Cracker is a loaded word, it has been pushed by the hacker community as an evil alternative for the word hacker, which we'd like people to use in a neutral, he's-a-great-computer-guy kind of way. I believe that this is a deliberate attempt to color people's perceptions of MoRE in a negative way.There is also this quote:
Eventually a legal player for Linux came along, but not until after a huge fight erupted between the open-source crowd and the movie studios over content protection.

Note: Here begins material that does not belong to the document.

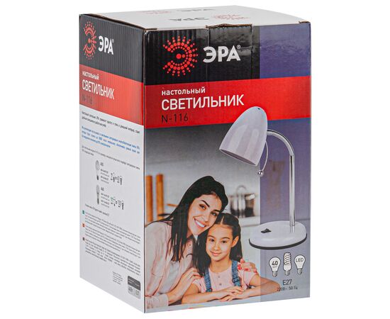 Настольный светильник ЭРА N-116-Е27-40W с цоколем Е27 компактного размера для удобного размещения на столе. Может использоваться с лампой накаливания, компактной люминесцентной лампой (КЛЛ) или светодиодной (LED) лампой. У светильника металлические стойка и плафон, выключатель на основании. Высота расположения плафона регулируется сгибающейся стойкой, направление света - наклоном и поворотом плафона в любом направлении.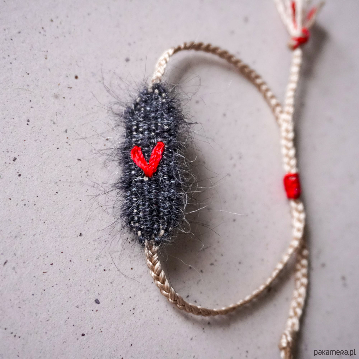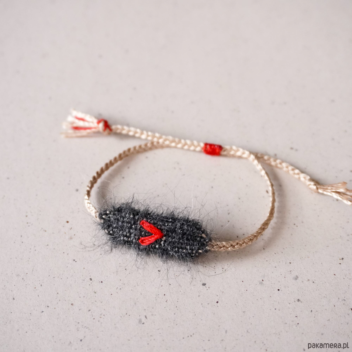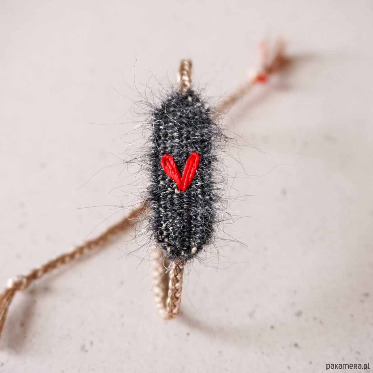 Prześliczna bransoletka tkana ręcznie z haftowanym serduszkiem. Kolor główny to ciemny grafit. Część tkana ma około 3, 4 cm długości, około 1 cm szerokości.

I object to the words "content protection" and "legal." The movie studio's actual idea of content protection is to control your use of content they produced even after you've bought it. The idea of content protection they are trying to put forth concerns "piracy" which impractical for DVDs using current technology. Note that even though I'm sure people will object to that statement, "but it will be practical someday!" the fact that casual piracy of DVDs is currently impractical is far better protection for content in an anti-piracy sence than the flimsy and pathetic protection offered by CSS. I object to the word legal because it implies that OpenDVD is illegal, as opposed to contested. It would be like calling a contested, unauthorized biography that was being tried in slander court an illegal biography. Again, the word legal is loaded in this context. Oh, and the quote from Lord Jack Valenti is of course absurd, a deliberate attempt to dumb down the concept of the Internet. I think most people should know what linking is, and they know it is essentially drawing a map rather than transporting. I could write a JavaScript that would be more like the transportation he refers too, i.e. click on my page and be automatically shunted to a page with deCSS content.Of course, this shouldn't be surprising coming from a magazine which has the headline, Geeks Protest, Nobody Comes , which is literally untrue. (This is the correct use of the word "literally" in other words, saying "Nobody Comes" is a lie because there were actually people at the protest.)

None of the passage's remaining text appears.